In the works. “Is David Lowery having the year of his life or what?” asks the Playlist‘s Kevin Jagernauth. “In January he had his hand in three films in Park City: as the writer of Pit Stop, editor on Shane Carruth’s Upstream Color, and writer/director on his own impeccable Ain’t Them Bodies Saints. And the heat generated from that alone saw Lowery linked to a plethora of projects over the past seven months or so: writing Disney’s remake of Pete’s Dragon; writing and directing The Old Man and the Gun, with Robert Redford slated to star and produce; writing and directing former David Fincher project Torso, and producing Alex Ross Perry’s upcoming Listen Up Philip toplined by Jason Schwartzman and Elisabeth Moss.” And now word comes from the Hollywood Reporter‘s Borys Kit that Lowery will re-team with Casey Affleck on To Be Two, an adaptation of a short story from the Into the Silent Land: Travels in Neuropsychology collection by Paul Broks…. It’s set in a world where teleportation exists and people are scanned, the digital self sent to Mars, reconstructed atom by atom, while the original is vaporized. The story then posits the idea of the teleportation machine malfunctioning and not vaporizing the original person. Who is now real?”

“Ozu Pillow Shot” from Gabe Mendes

Cinema Guild has acquired U.S. digital and non-theatrical rights to Agnès Varda‘s From Here to There, a series of five 45-minute episodes originally aired on the French-German network Arte in 2011. As Alison Willmore notes at Indiewire, the series takes Varda around the world to meet up “with different artists and filmmakers, including directors Alexander Sokurov and Carlos Reygadas, sculptor Christian Boltanski and his partner, artist Annette Messager. She visits with Chris Marker at his home shortly before he passed away, and dances with Manoel de Oliveira.”

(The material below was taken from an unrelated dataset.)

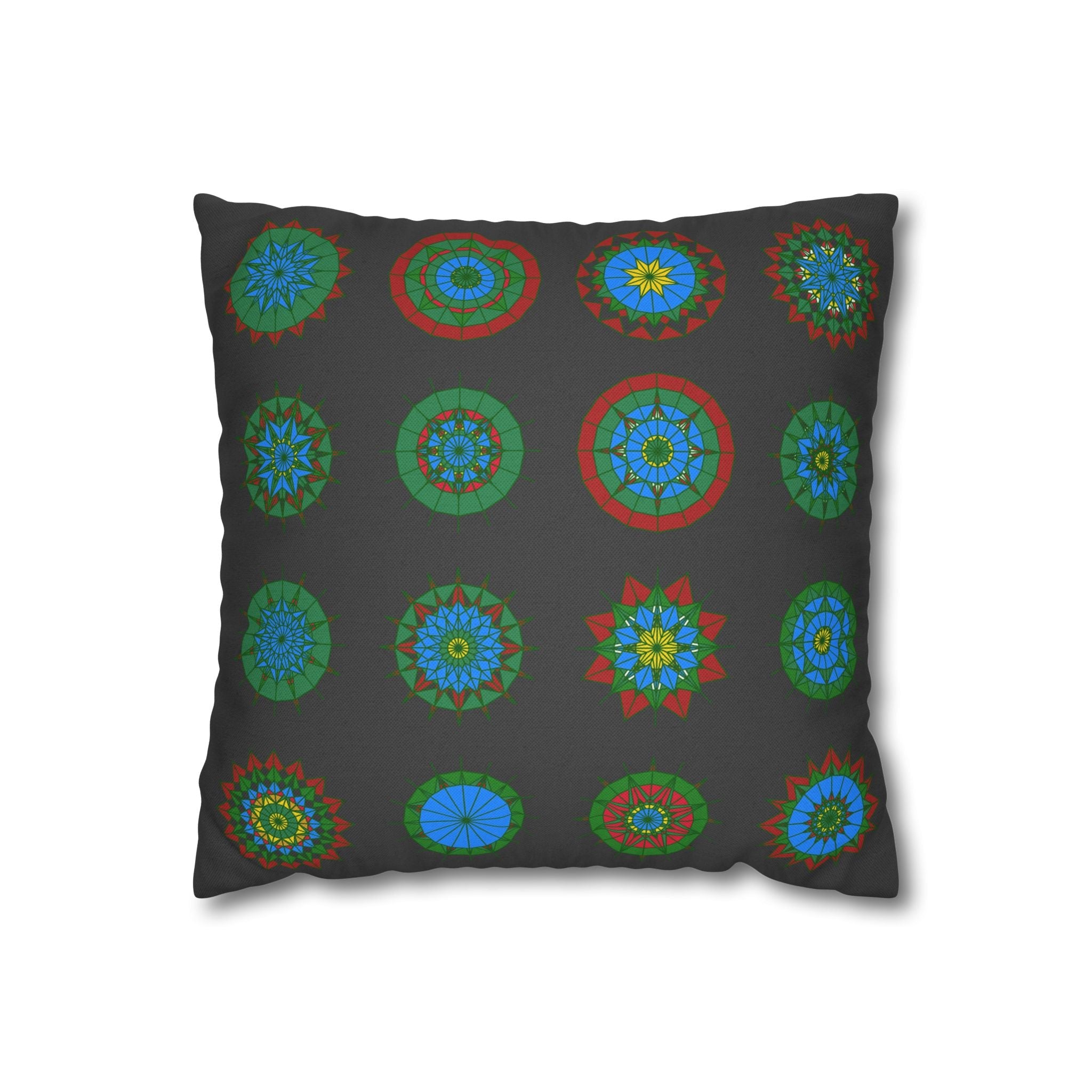 Experience the vibrant dance of colors with our mesmerizing mandala-patterned pillowcase. Each intricate mandala radiates energy, bringing an enchanting touch to your space. The bold hues of blue and green pop against a rich dark gray backdrop, creating an atmosphere that is both calming and invigorating. This decorative piece is perfect for those who appreciate mindful artistry and seek to elevate their home decor.
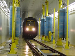 鐵路列車自動(dòng)清洗機(jī)可實(shí)現(xiàn)對(duì)列車車廂、火車頭等外面進(jìn)行全面、徹底的自動(dòng)清洗,設(shè)備主要由噴淋系統(tǒng)、洗刷系統(tǒng)、干燥系統(tǒng)、水處理系統(tǒng)(選配)、預(yù)警系統(tǒng)及控制系統(tǒng)等組成,可通過(guò)噴淋濕潤(rùn)、預(yù)備洗刷、洗滌洗刷、漂洗洗刷和吹掃干燥等不同的清潔方式,配合列車勻速通過(guò)清洗工作場(chǎng)地除去列車表面的塵埃和污垢,達(dá)到運(yùn)營(yíng)列車潔凈要求。[查看詳情]

Sundance Selects has picked up U.S. rights to Claire Denis‘s Bastards and plans to release it on October 25, reports Indiewire‘s Nigel M. Smith.

Danny Boyle will direct the pilot for Channel 4’s Babylon, a comedy “set in the world of modern policing,” reports the Guardian‘s Mark Sweney. Also, Dustin Hoffman and Judi Dench will star in the BBC’s adaptation of Roald Dahl’s Esio Trot.

And finally, the feed-clogger of the day, the news that Ben Affleck will play Batman to Henry Cavill’s Superman in Zack Snyder’s Man of Steel sequel.